3 1831 George Pullman; 1847 Alexander Graham Bell; 1853 Vincent Van Gogh; 1909 Harry Hemsley; 1914 Martin Ritt; 1920 James Doohan; 1921 Allen Ginsberg; 1927 John McLaughlin; 1950 Tim Kazurinsky; 1958 Miranda Richardson; 1962 Jackie Joyner-Kersee, Herschel Walker.
• 1634: First tavern in Boston opens; because making your way through the world today takes everything you've got, taking a break from all your worries sure would help a lot, sometimes you want to go where everybody knows your name, and they're always glad you came.
• 1885: AT&T incorporates.
• 1879: First female lawyer, Belva Ann Bennett Lockwood, heard by Supreme Court; justices split 5-4 over "Nice rack" and "I thought she'd never stop yakking."

4 1888 Knute Rockne; 1912 John Garfield; 1953 Kay Lenz; 1954 Catherine O'Hara; 1958 Patricia Heaton; 1969 Chastity Bono.
• 1793 At President Washington's second inauguration, he gives the shortest inauguration speech (133 words).
• 1809 James Madison becomes first President inaugurated in American-made clothes; his outfit is made hastily after he proclaims "I'd rather be sworn in naked as a jaybird than wear clothing made by European hands!"
• 1841: Longest inauguration speech (8,443 words), William Henry Harrison.
• 1849: U.S. has no President for one day, as James K. Polk's term ends on a Sunday, President-elect Zachary Taylor can't be sworn-in until Monday, and President pro tem Senator David Atchison's term of office ended March 3.
• 1933: In his inaugural address, FDR states “We have nothing to fear, but fear itself,” but notes that “fear itself is pretty scary.”
• 1952:
Ronald Reagan marries Nancy Davis.
• 1960: Lucy divorces Desi.

5 1908 Rex Harrison; 1922 Pier Paolo Pasolini; 1927 Jack Cassidy; 1934 James B. Sikking; 1936 Dean Stockwell; 1939 Samantha Eggar; 1955 Penn Jillette.
• 1770: Boston Massacre; British troops kill five colonists, including Crispus Attucks, who becomes first black to die for American freedom, albeit not on purpose and not exactly his own.
• 1836: Mexican Army attacks the Alamo during Texas's war of independence.
• 1836: Samuel Colt manufactures his first pistol, the .34-caliber "Texas" model; which is all well and good but a little late for the boys inside the Alamo.
• 1934:
Mother-in-law's Day first celebrated.

6 1906 Lou Costello; 1923 Ed McMahon; 1926 Alan Greenspan; 1937 Merle Haggard; 1945 Rob Reiner; 1947 Kiki Dee; 1959 Tom Arnold; 1972 Shaquille O'Neal.
• 1831: Edgar Allen Poe removed from West Point; asking when he might apply for reinstatement, he is told "Nevermore."
• 1980: Susan Lucci loses Daytime Emmy Award for first time.
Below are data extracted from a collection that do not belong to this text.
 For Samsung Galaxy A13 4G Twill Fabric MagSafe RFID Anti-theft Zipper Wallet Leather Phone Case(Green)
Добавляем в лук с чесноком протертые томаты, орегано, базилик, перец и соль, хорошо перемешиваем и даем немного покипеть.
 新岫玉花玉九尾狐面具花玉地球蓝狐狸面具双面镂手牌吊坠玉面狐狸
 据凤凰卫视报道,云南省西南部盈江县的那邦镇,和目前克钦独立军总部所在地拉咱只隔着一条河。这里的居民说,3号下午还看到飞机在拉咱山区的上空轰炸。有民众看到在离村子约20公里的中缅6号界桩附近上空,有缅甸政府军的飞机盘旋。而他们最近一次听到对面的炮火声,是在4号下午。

7 1849: Luther Burbank; 1942 Michael Eisner; 1942 Tammy Faye Bakker.
• 1778: Captain James Cook sights Oregon coast; his log entry for that day states, "Weather damp. coffee good. windsurfing totally awesome."
• 1960: Peter Pan, with Mary Martin in the title role, is first televised; those who viewed it as children report that watching a middle-aged actress swung around a soundstage on poorly hidden wires while pretending to be a 10-year-old boy haunts them to this day.
• 1981: First homicide at Disneyland; suspect is described as an "Angry, pear-shaped waterfowl, white, wearing a sailor shirt and no pants."
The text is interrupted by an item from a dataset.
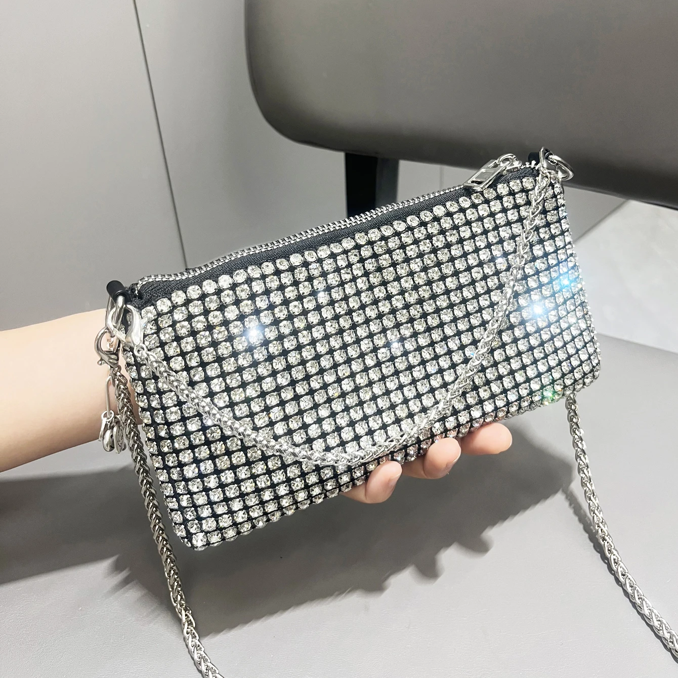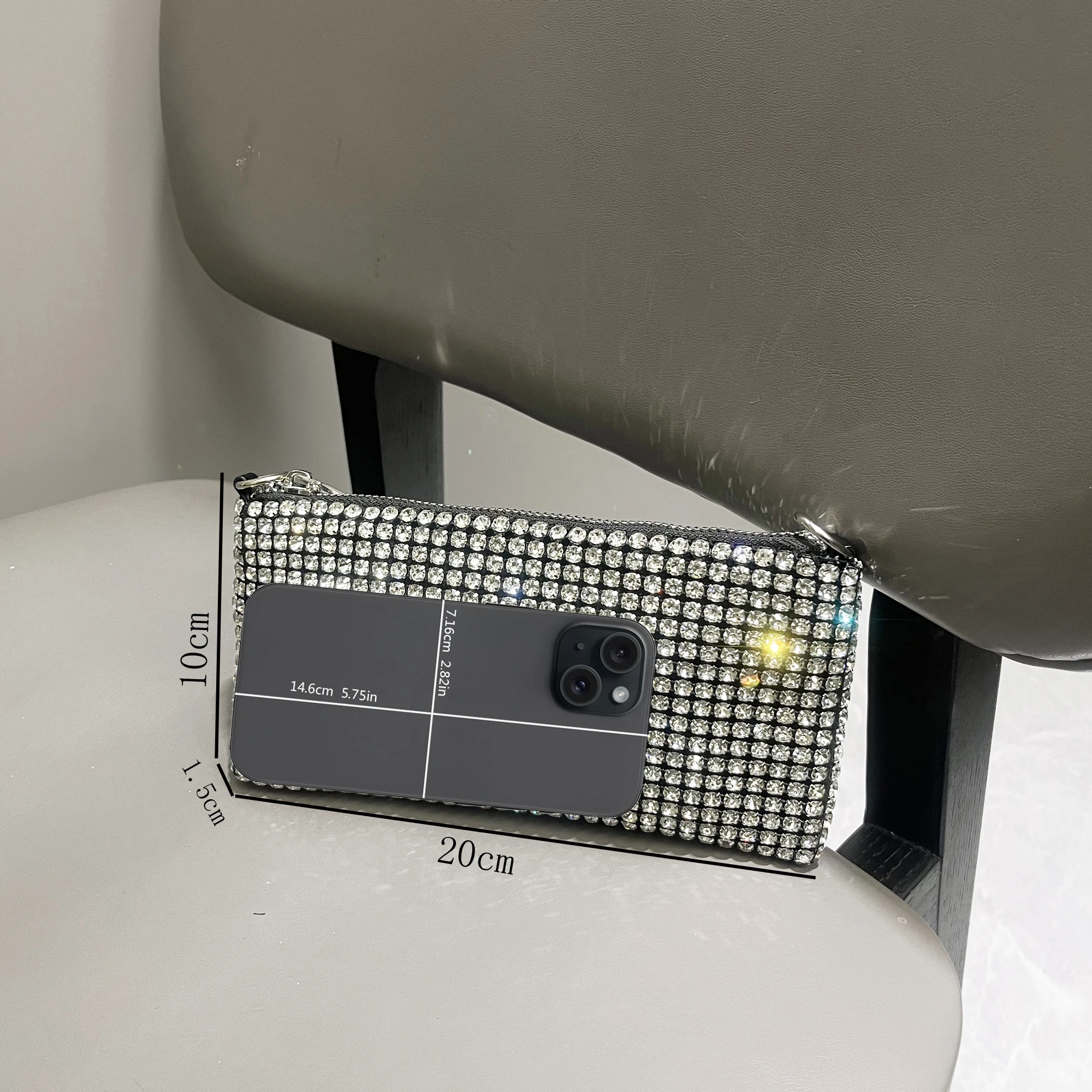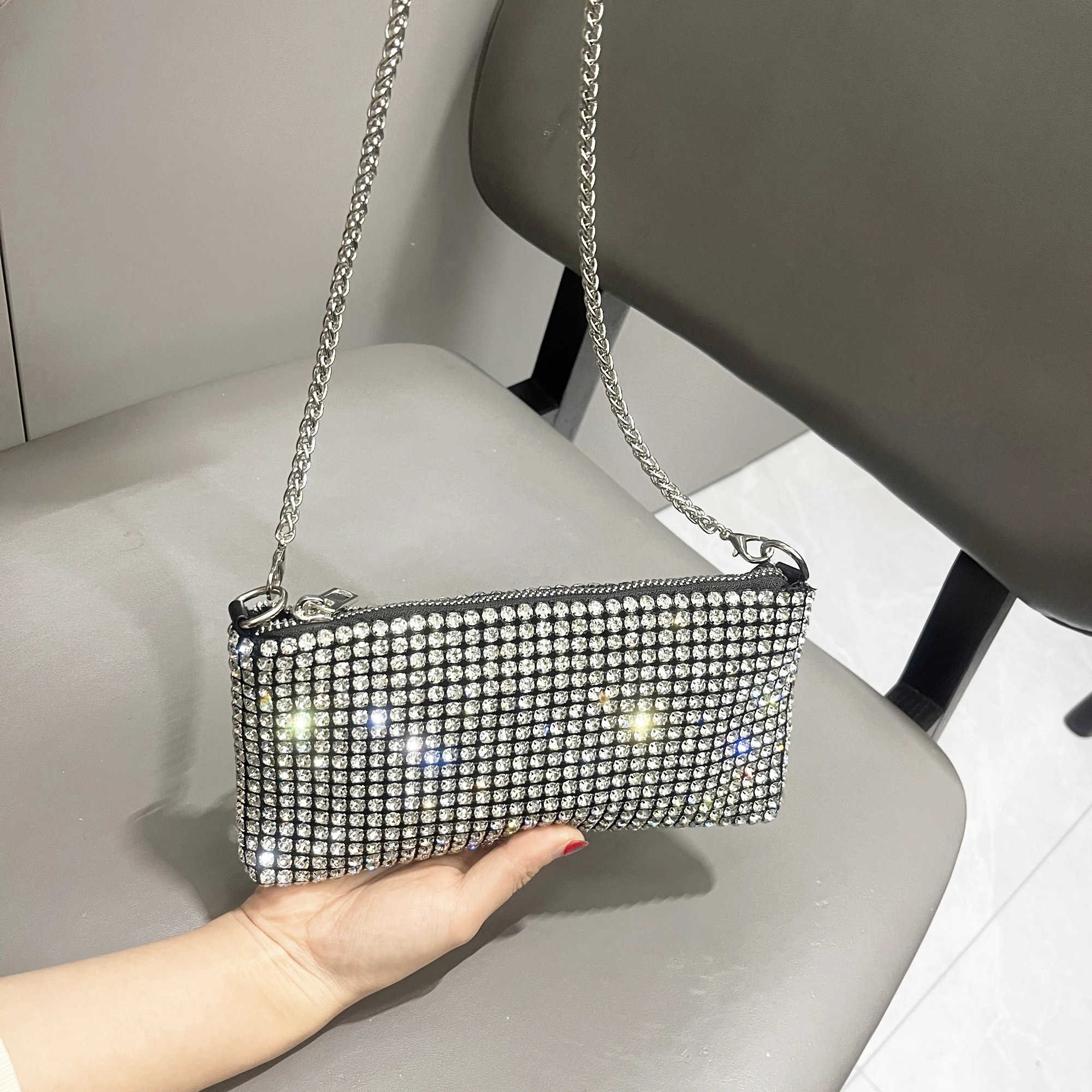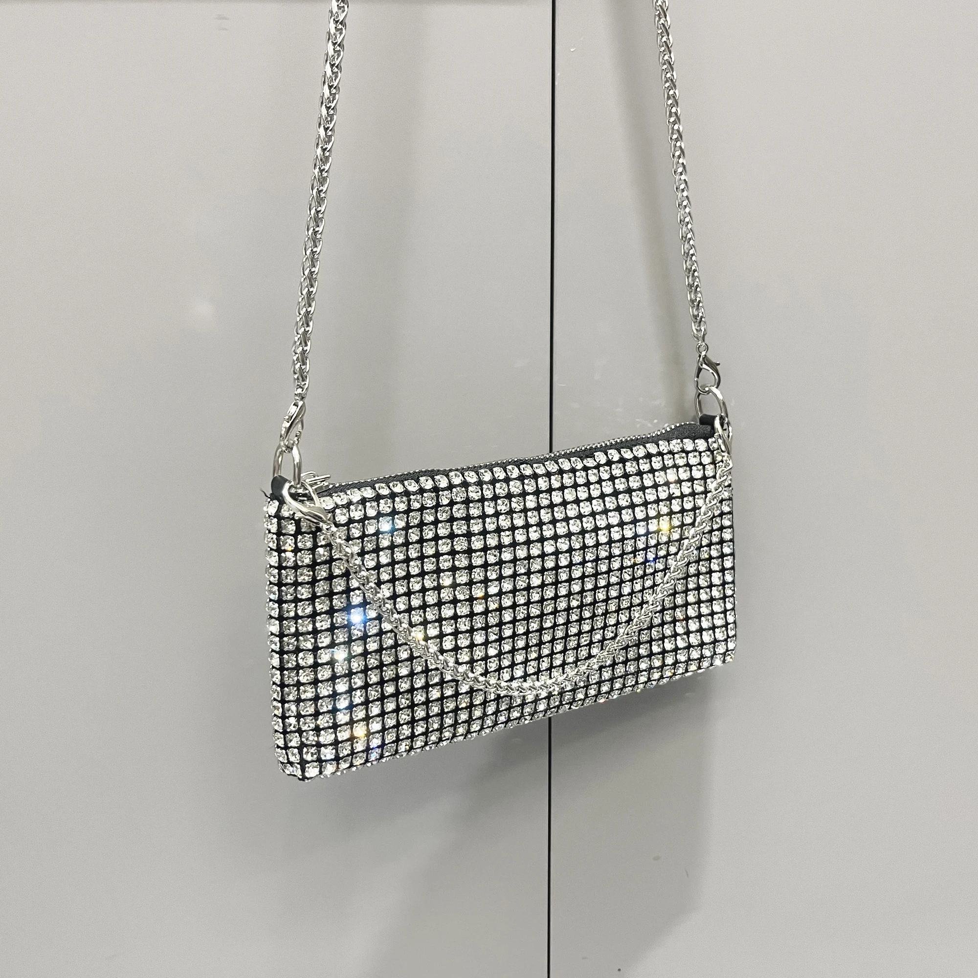 حقيبة يد فاخرة من أحجار الراين للنساء بمقبض حقيبة كتف ومحفظة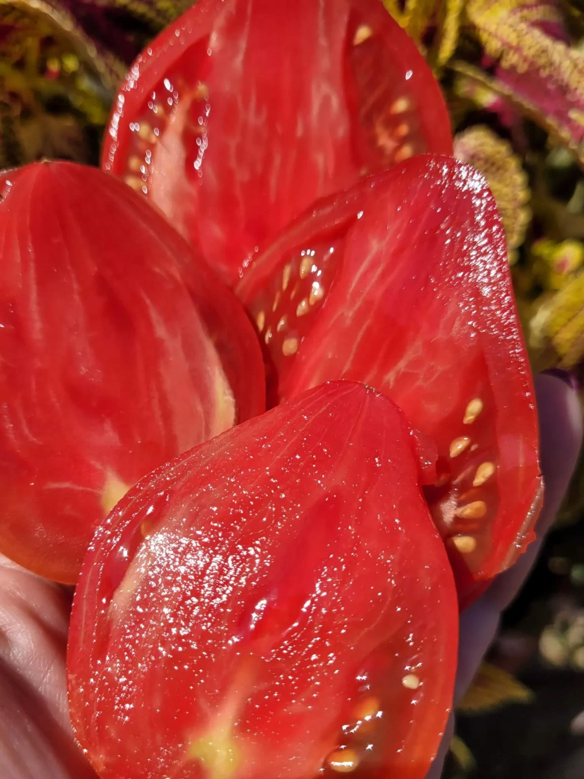 Мякоть обладает исключительной для сердцавидных томатов плотностью и мясистостью. На изломе она не водянистая, а сахаристая, что видно по характерным крупинкам. Внутри плод разделен на несколько семенных камер, но их количество невелико, а сами камеры заполнены в основном мякотью, а не жидкостью и семенами.

8 1841 Oliver Wendell Holmes; 1918 Alan Hale Jr.; 1921 Cyd Charisse; 1939 Jim Bouton; 1943 Lynn Redgrave; 1944 Carole Bayer Sager; 1945 Keith Jarrett, Mickey Dolenz; 1958 Gary Numan; 1959 Aidan Quinn; 1963 Kathy Ireland.
• 1930: Babe Ruth signs 2-year contract for $160,000 with New York Yankees; General Manager Ed Barrow, predicts "No one will ever be paid more than Ruth," adding, "At least not if I have anything to do with it."
• 1930: Mahatma Gandhi starts civil disobedience in India.
• 1934: Edwin Hubble photo shows as many galaxies as Milky Way has stars; at least that's what he says all those white dots are.
• 1968: Fillmore East opens (closes 1971); the building's a bank now, but the acoustics rock.

9 1454 Amerigo Vespucci; 1918 Mickey Spillane; 1936 Mickey Gilley, Marty Ingels; 1940 Raul Julia; 1942 John Cale, Mark Lindsay; 1943 Bobby Fischer, Trish Van Devere.
• 1959:
Barbie doll debuts; Special 50th Anniversary editions include "Botox Barbie," "Cougar Barbie" and "MILF Barbie."

10 1888 Barry Fitzgerald; 1891 Sam Jaffe; 1903 Bix Beiderbecke; 1916 James Herriot; 1935 Gary Owens; 1940 Wayne Dyer, Dean Torrence.
• 1941: Dodger's general manager Larry MacPhail predicts all players will wear batting helmets; he also predicts that someday players will favor mullet haircuts and elaborate mustaches.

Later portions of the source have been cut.